İstanbul’un en önemli sulak alanlarından Küçükçekmece Gölü, kanalizasyonlardan boşalan atıklar nedeniyle tehdit altında. 22 metre en derinliğinde olduğu için sığ bir göl olan Küçükçekmece, deniz suyunun girişine izin veren ekosistemi ile acısu yapısına sahip. Deniz balıklarının da yaşamasına olanak veren acısu özelliği ile deniz seviyesinde yer alan doğa harikası göl, Nakkaş, Sazlı ve Eşkinoz dereleri ile beslenmesine rağmen kirlilik tehdidiyle karşı karşıya. 3 gün önceMimar Sinan´ın yaptığı Taş Köprü çevresinde balıkların sürüler halinde ölerek yüzeye çıktığını gören vatandaşların ihbarıyla ortaya çıkan durum, bilim insanlarını tedirgin etti. İstanbul Büyükşehir Belediyesi Deniz Hizmetleri Müdürlüğü Kıyı Temizleme Ekipleri’nin geldiği göl çevresinde inceleme yapan İstanbul Üniversitesi Su Bilimleri Fakültesi Dekanı Prof. Dr. Meriç Albay, suda ki oksijen oranının çok düştüğünü belirledi.

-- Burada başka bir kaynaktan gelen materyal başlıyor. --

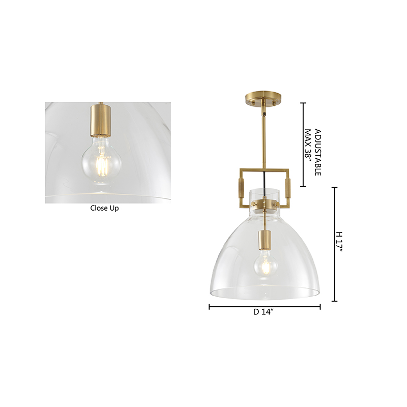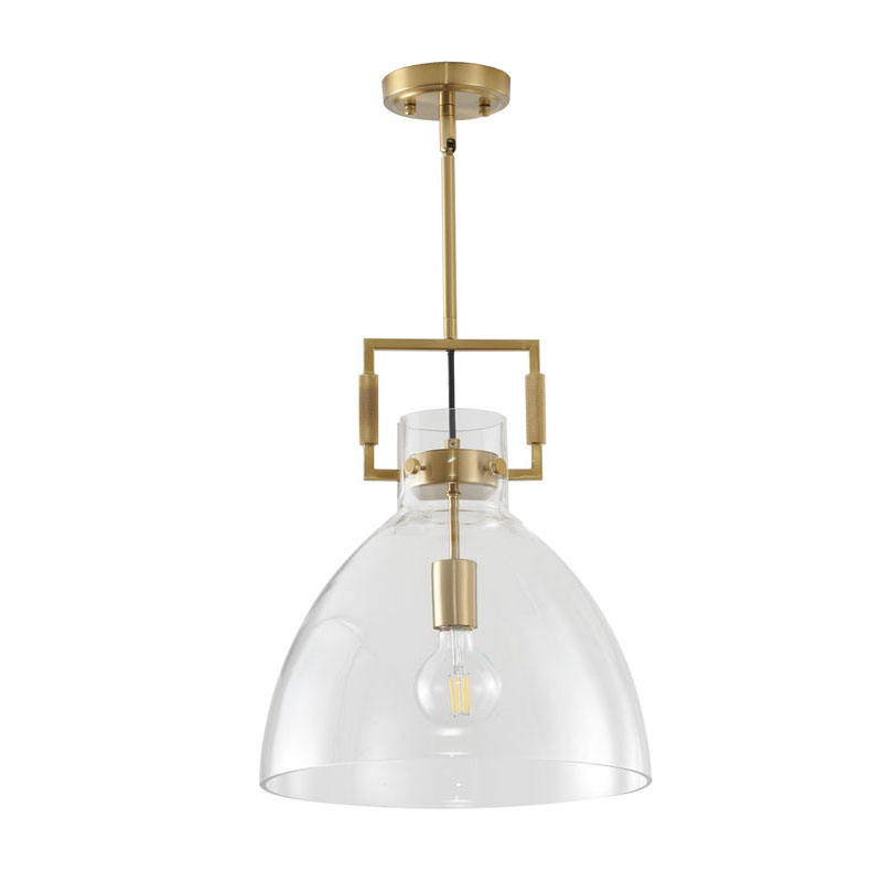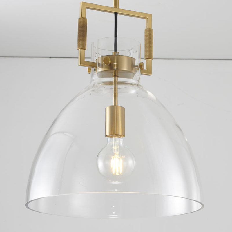 A GOLD METAL FRAME PENDANT LIGHT WITH A CLEAR GLASS SHADE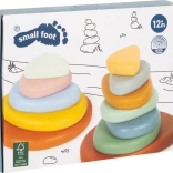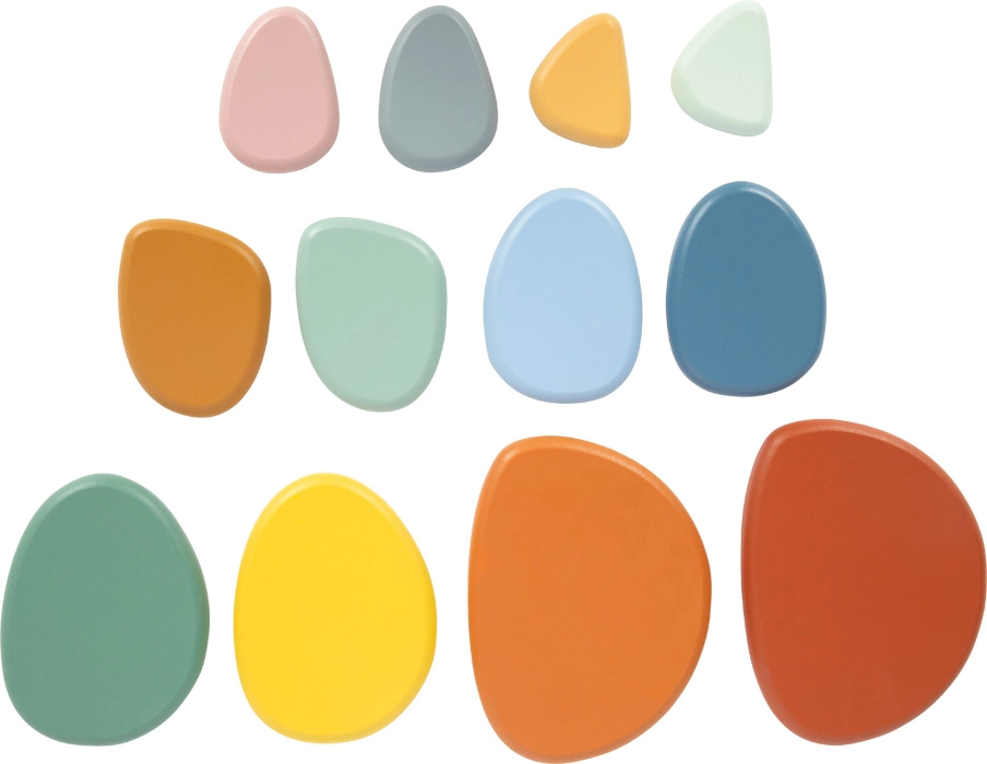 Táto nadčasová sada dvanástich „riečnych“ kameňov je inšpirovaná Montessori pedagogikou a nabáda deti ku pokojnej, sústredenej a tvorivej hre. Nepravidelné tvary, hladký povrch a pastelové tóny lákajú k stavaniu, balansovaniu, triedeniu podľa veľkosti a farieb aj k prvému počítaniu. Pri hre si deti nenásilne rozvíjajú jemnú motoriku, koordináciu oko–ruka a trpezlivosť.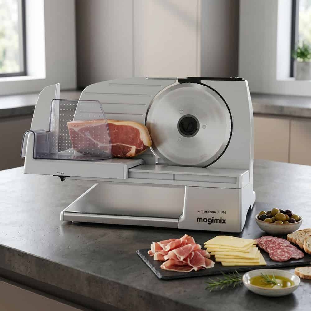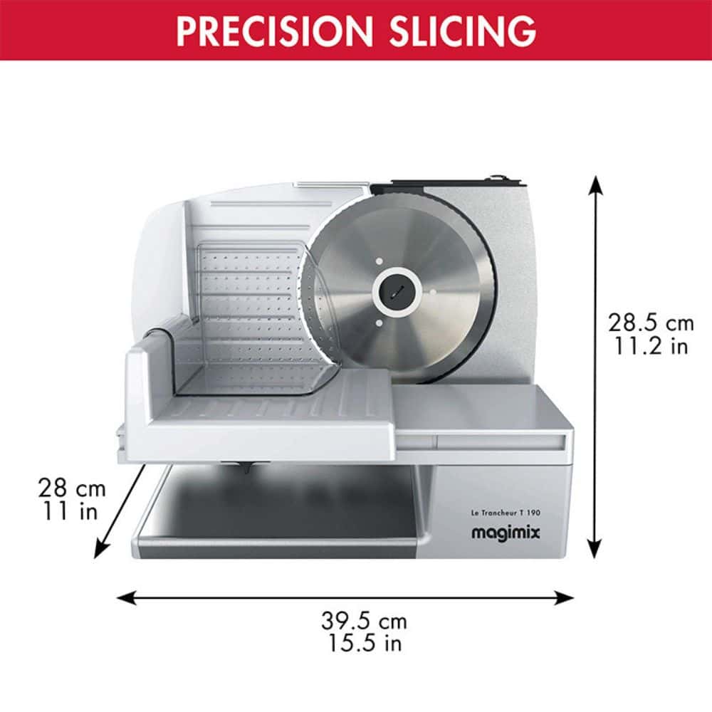 Transform your kitchen into a professional deli with a high-capacity slicer built to rigorous commercial standards. The Magimix T190 Metal Food Slicer features a powerful 150W induction motor and a 19cm multi-function serrated blade made from high-quality stainless steel. It is specifically designed for consistent, precision cutting of cooked meats, salami, hard cheeses, and artisanal loaves, allowing you to achieve that perfect “paper-thin” slice or a thick chunk of crusty bread.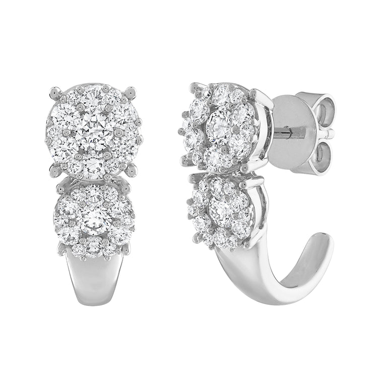 These chic 14K gold earrings feature two brilliant diamond clusters that sit gracefully above a sleek gold hoop-style curve. Designed to hug the ear with sparkle and sophistication, they offer the perfect blend of classic charm and modern edge, ideal for everyday glam or a special night out.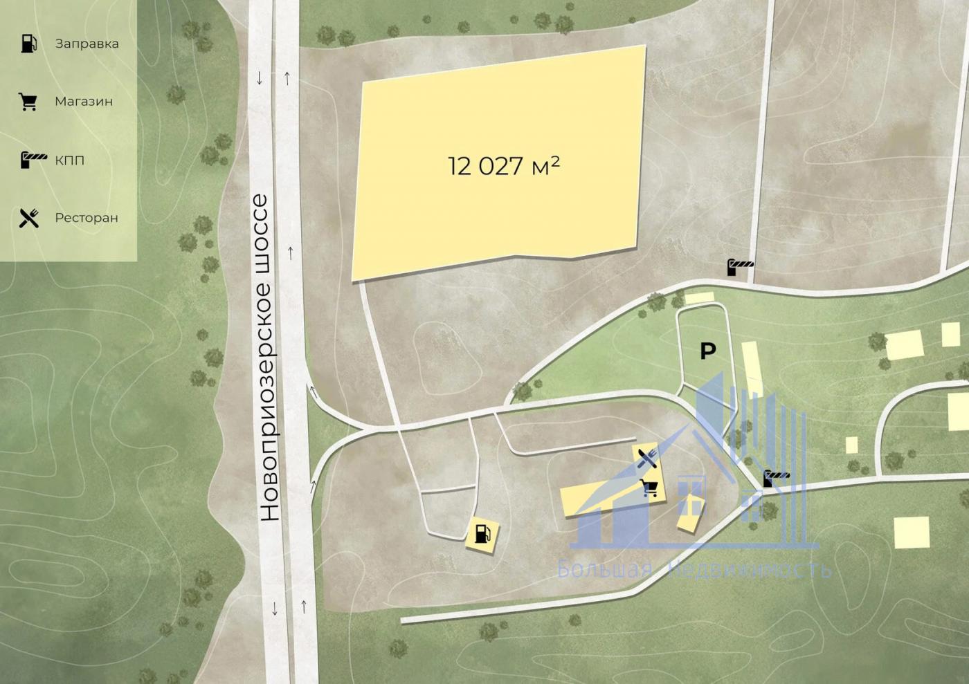 Участок 1,2 га находится в перспективной локации с высоким транспортным потоком – на Новоприозерском шоссе, одном из ключевых направлений выезда из Санкт-Петербурга.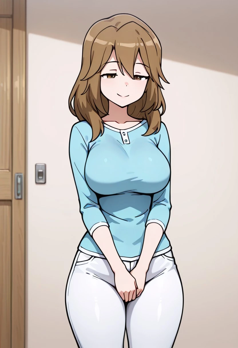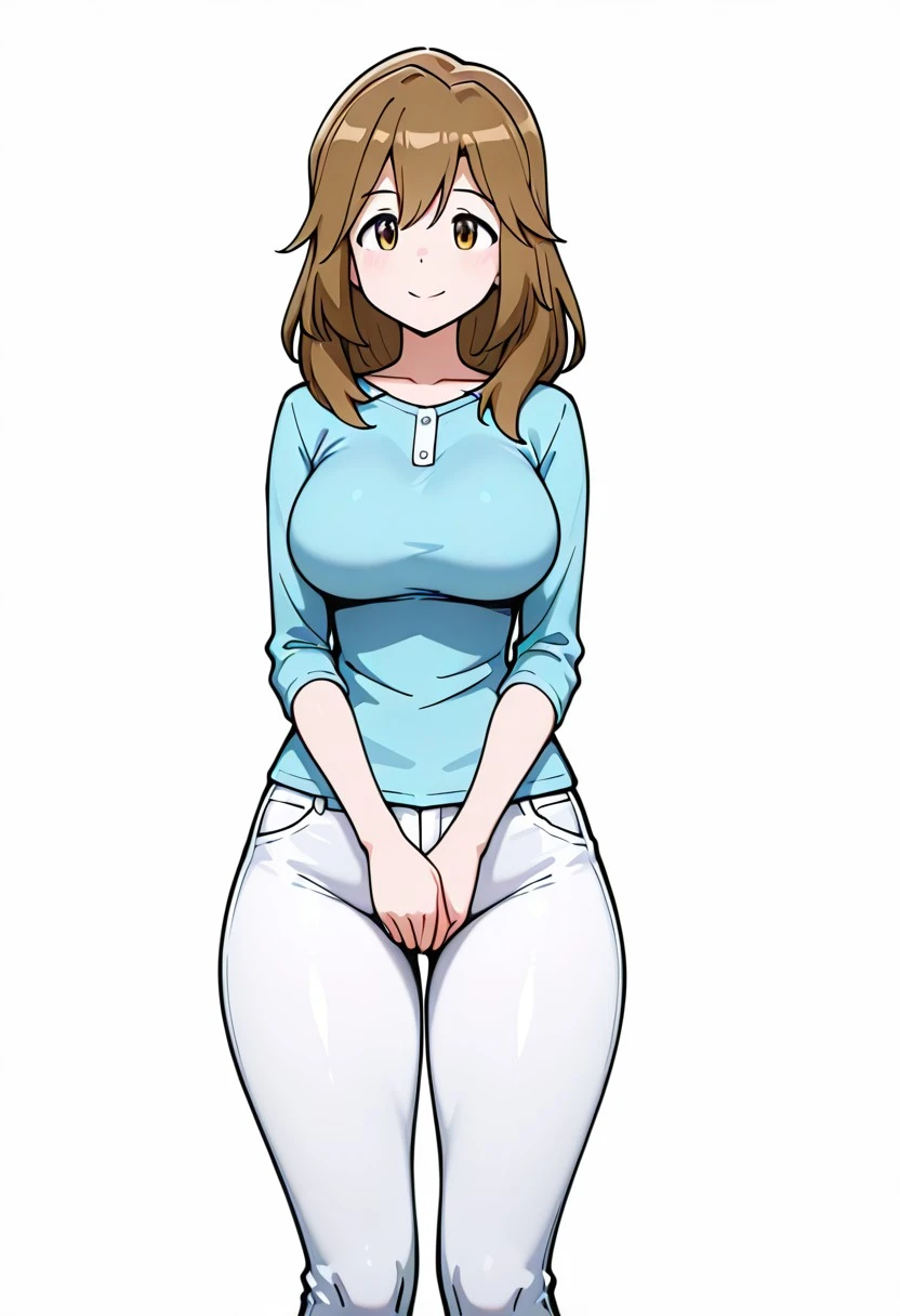 Blue shirt, white pants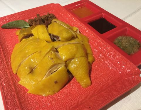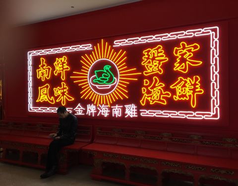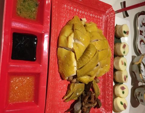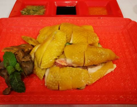 - 招牌海南鸡真的很好吃,286元一只。红得发光的店面,价格不便宜。大良锅贴奶,比较有特色,趁热吃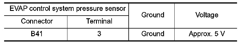 2.Check the voltage between EVAP control system pressure sensor harness connector and ground.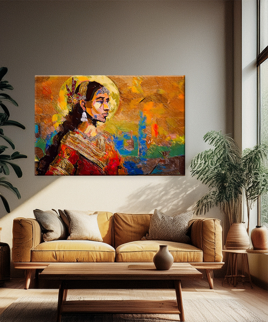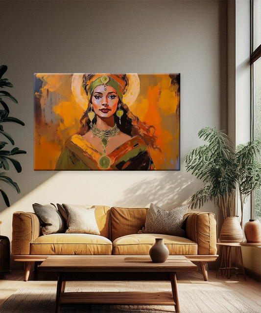 Step into the aura of timeless elegance with Mystic Heritage, a striking abstract portrait infused with cultural richness and divine mystique. The bold strokes of crimson, gold, and earthy tones bring to life the regal figure adorned in traditional attire,...

“Atıklar kontrolsüzce verilince biyoçeşitlilik biter”
Gölden su ve balık örnekleri alan Prof. Dr. Albay, ilk tespitlerine göre su içindeki organizmalar içingerekli oksijen seviyesinin yarı yarıya düştüğünü söyledi. Ölen balıkların gümüş, kefal, kaya balığı ve deniziğnesi gibi deniz türlerinden olduğunu söyleyen Albay, “Atıklar kontrolsüzce göle verildiği için su kalitesi ve biyoçeşitlilik bitiyor. Bunu durdurmak lazım. İstanbul´un ortasında böyle bir suyu tutmak riskli. Çevreye büyük zararı olur. Bundan sonra başka atık gelmese bile 30 yıl boyunca göle etki edecek miktarda azot fosfor var. İstanbul´da böyle bir su kütlesi bize yakışmıyor.” Dedi.
“Halk sağlığı açısından risk var”
Çocukların ölü balıkları topladığını gören Albay, “ balık avlanmasının önüne geçilmesi gerekli.Halk sağlığı açısından büyük tehdit var. Göl adeta can çekişiyor. Yüzen balıklarda daha dayanıklı olduğu için hayatta kalabiliyor. Şehir merkezindeki bir gölde su seviyesi 4. Kalitenin altında. Bir de kuş göçüne sahne oluyor. Yani kirlilik topluca etkileyecek tüm İstanbul’u. İyi bir çalışma ile 10 yıl içinde düzelmeler olabilir. Öncelikle gölün detaylı inceleyip gerekirse balıkçılığa yasaklanması gerekli. Dereler ve atıklar kontrol edilmeli, su kalitesinin iyileştirilmesi için hemen harekete geçirilmeli” dedi.
Bölge sakinleri huzursuz
Semt sakinleri de balık ölümleri nedeniyle tedirgin. Aynur Konakçı, “Gölün kirliliğinden her zaman her sene büyük balık ölümleri oluyor. Genelde temizlikleri yapılıyor ama yine de bu balık ölümlerine kimse engel olamıyor. Herkes üzülüyor, ben daha çok üzülüyorum. Eski hali daha güzeldi, her şey çok güzeldi. Şu anda daha ağırlık veriliyor temizliğine. Ben değil herkes rahatsız balık ölümlerinden. Ne de olsa o da bir can taşıyor” diye konuştu.